Wharton@Work

June 2017 | 

The Power of Little Ideas

The Power of Little Ideas

There is a potentially fatal flaw in innovation thinking today — a false dichotomy. Conventional wisdom says that there are two types of innovation: incremental or radical. To survive, companies must do more than invest in incremental improvements in existing products. We’re told that, to remain relevant and profitable, companies must also invest in radical, disruptive innovation — they must reinvent the future of their industry before someone else does. The rallying cry is “Disrupt or be disrupted.”

In his new book The Power of Little Ideas (HBR Press, 2017), David Robertson argues that for many organizations there’s a better way, or what he calls a “Third Way” to innovate.

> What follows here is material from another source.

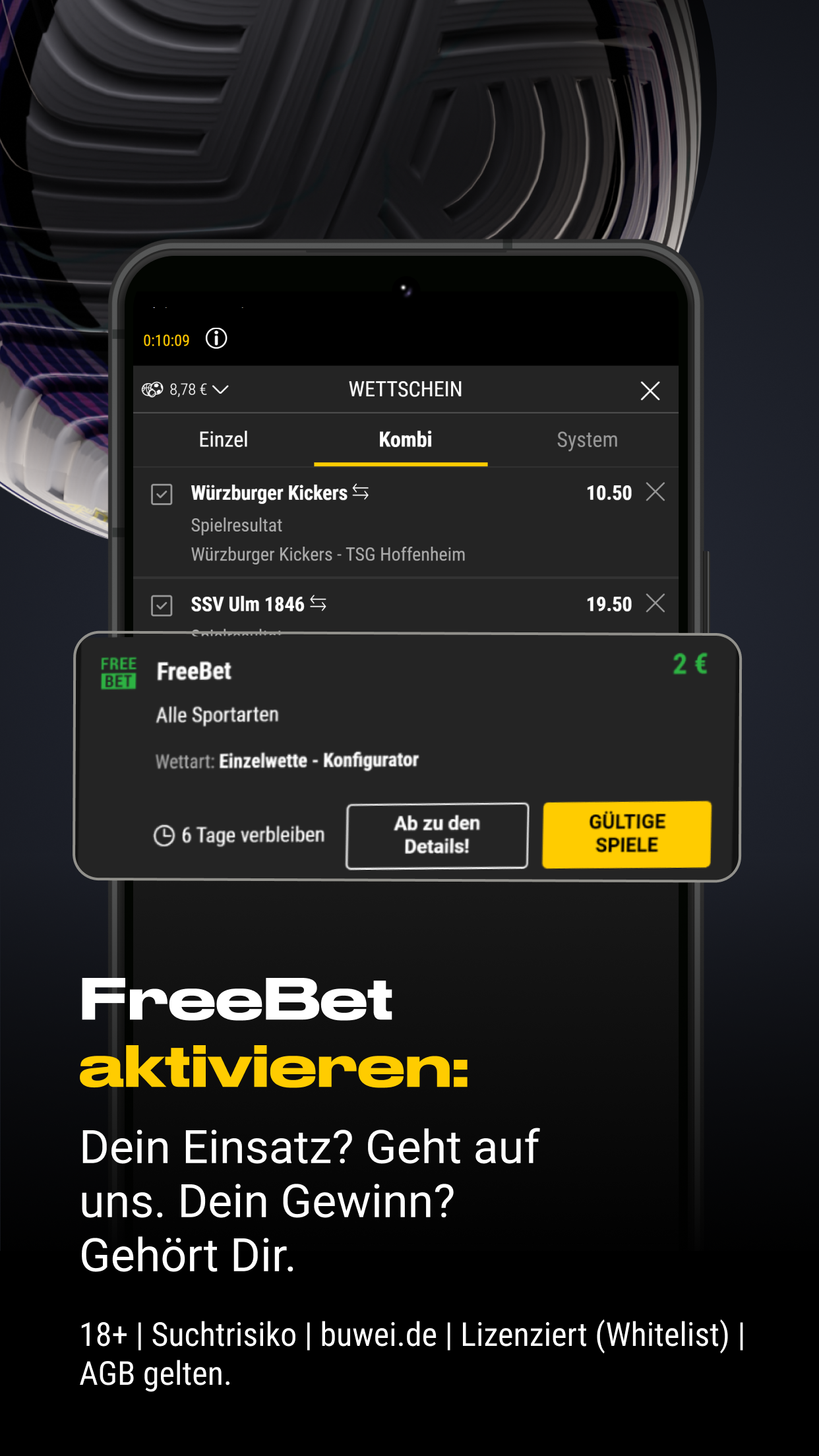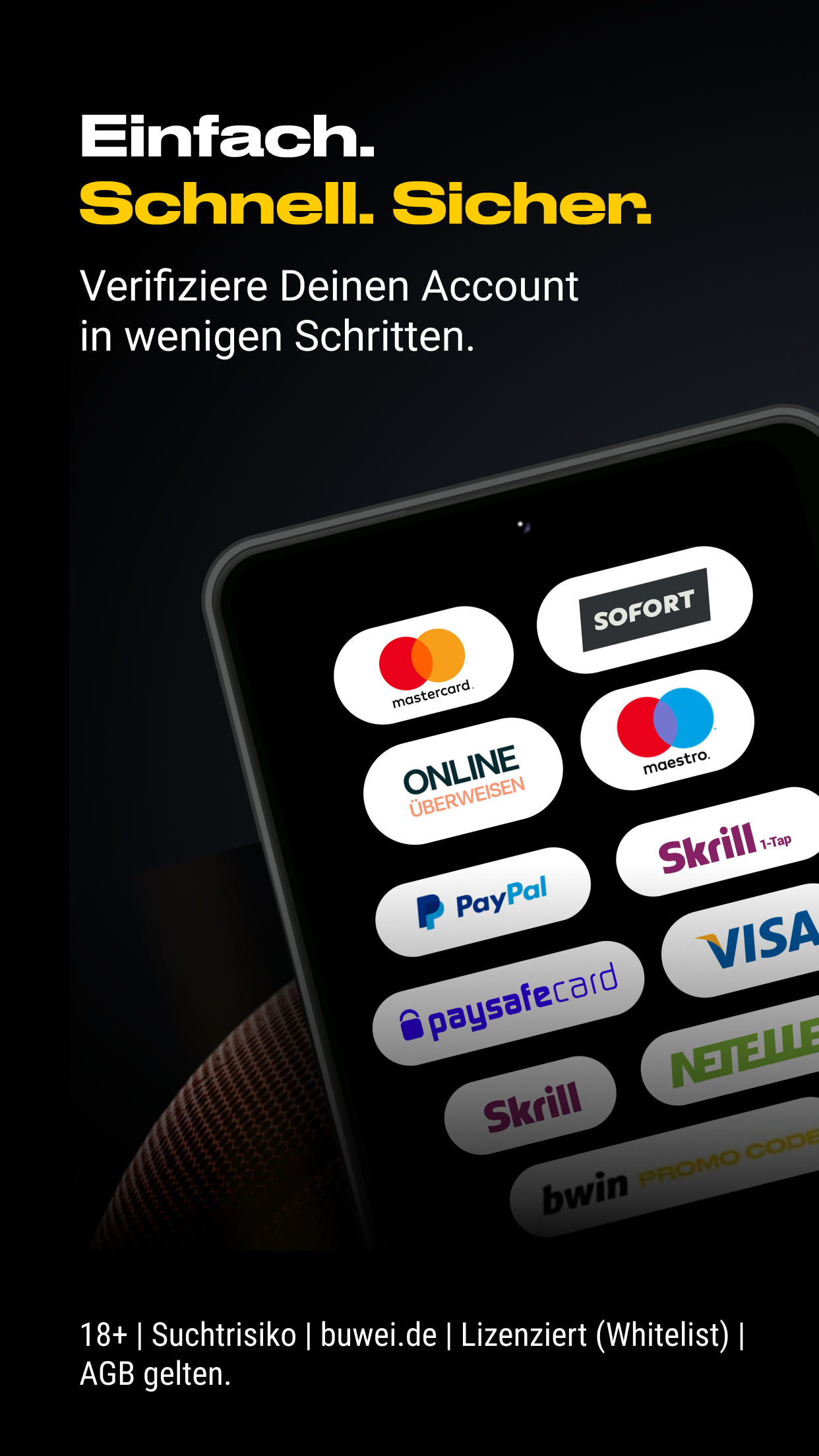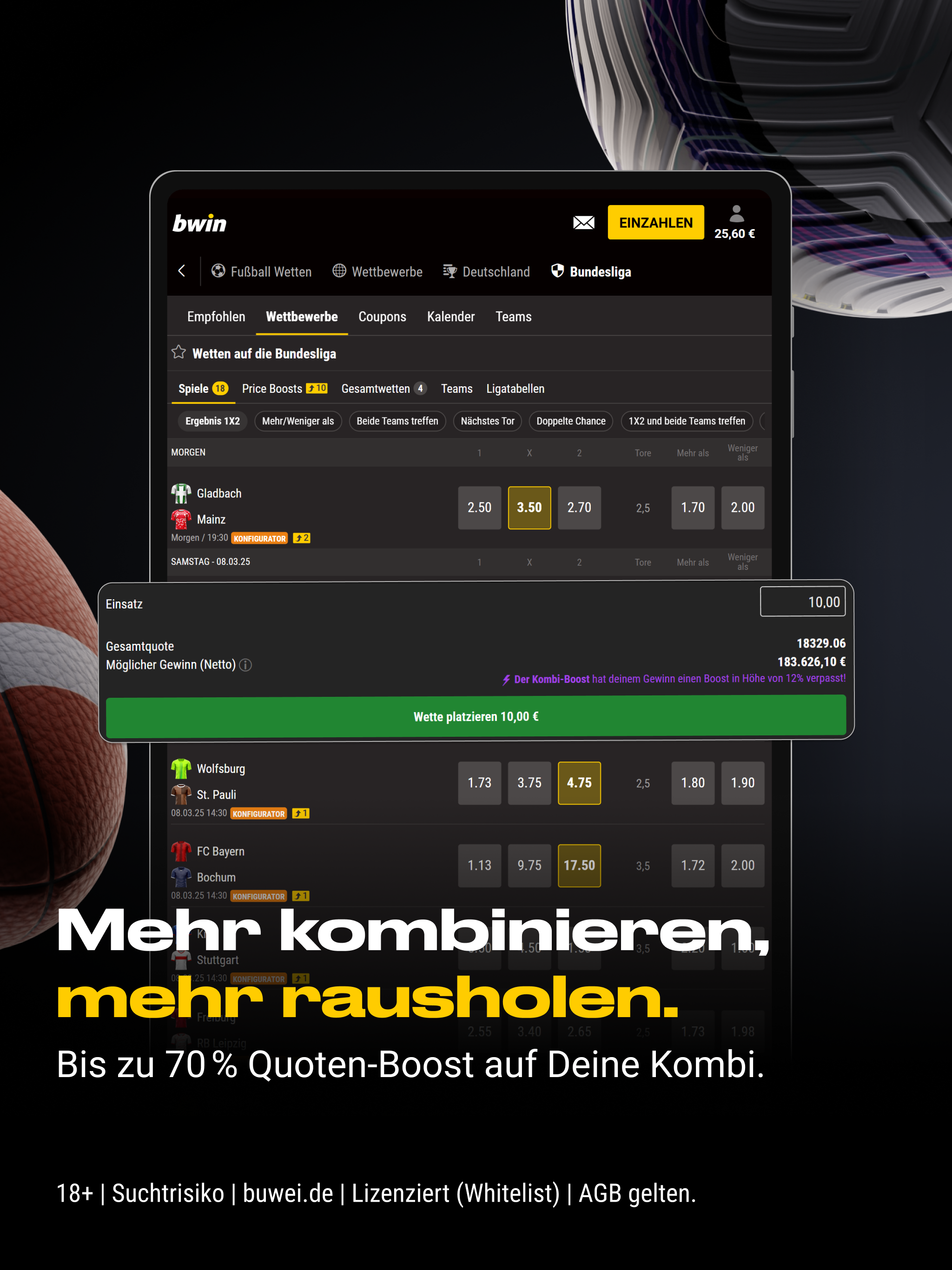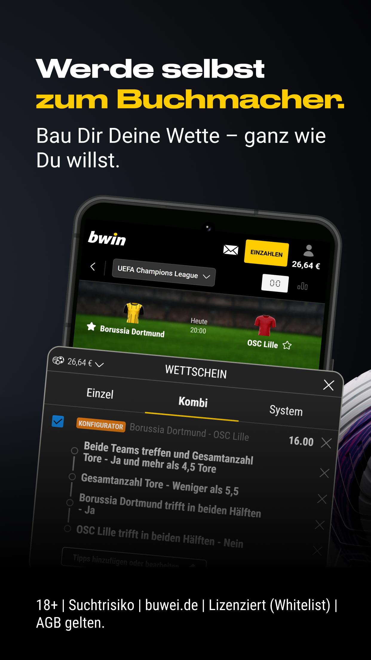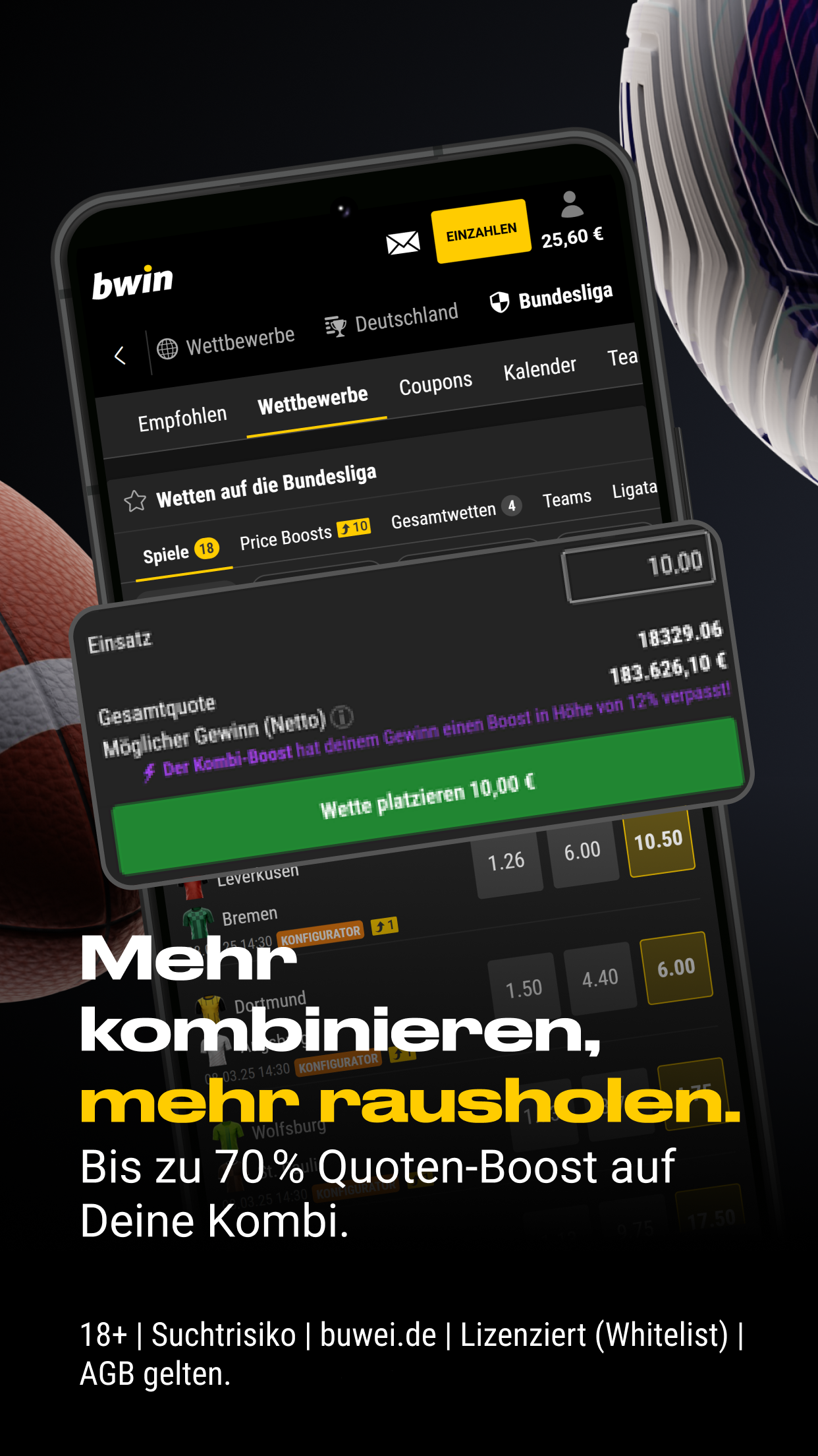 Der bwin Wett-Bonus für alle Neukunden: Wir verdoppeln Deine erste Einzahlung bis zu 100€ Anmelde-Angebot endet am 31.12.2025 um 23.59 Uhr. 18+, Suchtrisiko, buwei.de, Whitelist In der bwin Wett-App kannst du aus Tausenden Sportwetten und Wett-Quoten wählen. Wir bieten dir alles zum Thema Fußballwetten und warten mit unseren Online-Fußball-Quoten auf deine Fußball-Tipps zum Spieltag. Doch bei uns kannst du nicht nur auf Fußball wetten, sondern es gibt alle möglichen Sportwetten. Wähle täglich aus über 90 Sportarten und gib deinen Tipp zu unseren Wett-Quoten ab. Oder wie wäre es mit Live-Wetten während des Spiels? Mit AUTO-CASHOUT kannst du deinen Wettschein schon frühzeitig auszahlen lassen! Darum solltest du auf bwin setzen: - Wir bieten dir viele verschiedene Promos und Live-Sportwetten. Dank Cashout und Pre-Match-Wettquoten machen deine Online-Wetten auf Fußball und anderen Sport erst richtig Spaß. - Offiziell als Sport- und Fußball-Wettanbieter unter der Aufsicht der GGL genehmigt. - Die größte Auswahl: Wir bieten mehr Sport-Wettquoten für Online-Wetten als jede andere App auf dem Wettmarkt. - Mehr Wetten: Wähle aus 50.000 Sportwetten und Wettquoten täglich. Spiele In-Play oder Live-Sportwetten mit Cashout. - Mehr Kontrolle: Ändere deine Wette, nachdem du sie platziert hast. Lass deine Einzelwette oder Kombiwette vor Spielende auszahlen. Mit Cashout können sich unsere Wettquoten bei Fußballwetten und Sportwetten richtig lohnen. - Mehr Statistiken: Mit stets aktuellen Live-Statistiken in der bwin Sportwetten-App weißt du immer, wie es um deine Wetten steht, und kannst sie direkt auszahlen lassen. Unsere bwin App bietet diese Funktionen: - AUTO CASH OUT: Wähle den CASH OUT-Betrag vorab auf deinem Sport-Wettschein und erhalte live deinen Gewinn über die bwin App. KONFIGURATOR: Kombiniere verschiedene Tipps für ein und dasselbe Match in einer Sportwette. - LIVE-WETTEN: Schau dir Hunderte Live-Wetten und Wettquoten für deine Fußballwetten an und checke die MATCH-STATISTIKEN in der bwin Sportwetten-App. - LIVE-BENACHRICHTIGUNGEN: Bleibe bei deinen Sportwetten und Fußballwetten am Ball und erhalte live App-Benachrichtigungen, SMS oder E-Mails. Das Sportwetten-Angebot der bwin Sportwetten-App bietet über 90 Sportarten, auf die du jeden Tag wetten kannst, darunter: - Fußballwetten: internationale Live-Wetten auf Fußball in der Bundesliga, österreichische Bundesliga, Premier League, La Liga, Serie A und europäische Fußball-Turniere. - Tenniswetten: Wette auf jeden Grand Slam in unserer bwin Sportwetten-App. - Basketballwetten: NBA, Euro League, Bundesliga-Basketball und mehr erwarten dich in unserer bwin Sportwetten-App. In der bwin Sportwetten-App kannst du auf jeden Sport wetten – bei uns findest du ein komplettes Sportwetten-Angebot. Erlebe Action mit Live-Sport-Wetten und nutze Cashouts. Lade dir noch heute die bwin App herunter! bwin will die sicherste und innovativste Online-Gaming-Plattform werden. Verantwortungsbewusstes Glücksspiel 18+, Suchtrisiko, Whitelist.. Dies ist eine Echtgeld-Glücksspiel-App. Bitte spiele verantwortungsbewusst und setze nur soviel, wie du dir leisten kannst. Hilfe und Unterstützung bei Glücksspielsucht findest du unter www.buwei. de. Lizenzierung: bwin (Deutschland) Limited ist lizensiert und reguliert unter der Aufsicht der Gemeinsame Glücksspielbehörde der Länder (GGL).Weitere Lizenzinformationen finden sich auf www.bwin.de

Robertson, a Wharton professor who teaches Innovation and Product Design, argues that between sustaining and disruptive innovation lies a low-risk, high-reward approach.

This concept took shape in part because of an unlikely source — Robertson’s house painter, Stephen. After Stephen explained why he exclusively uses Sherwin-Williams paint (it provides a range of important services to painting contractors), Robertson took a deeper look. What he found was a business model remarkably similar to the one LEGO used to recover from its brush with bankruptcy in 2003 — one recounted in Robertson’s previous book Brick by Brick: How LEGO Rewrote the Rules of Innovation and Conquered the Global Toy Industry.

Both companies, and many others whose stories are told in The Power of Little Ideas, found success without disrupting their respective industries. Instead, they created families of complementary innovations around their core products. As Robertson explains, those innovations have three key features: they are designed to carry out a single strategy or promise, they work together to make a central product or service more appealing and competitive without changing it in any fundamental way, and they are closely and centrally managed by the company.

The Power of Little Ideas provides a blueprint for companies seeking to embrace this approach to innovation. The book lays out the potential pitfalls and necessary changes to organizations’ innovation processes, management systems, and team structure. It illustrates best practices from many well-known companies, including such diverse examples as USAA, Guinness, Novo Nordisk, and Victoria’s Secret, and reveals the insights, guidelines, and working principles needed to successfully pursue the Third Way.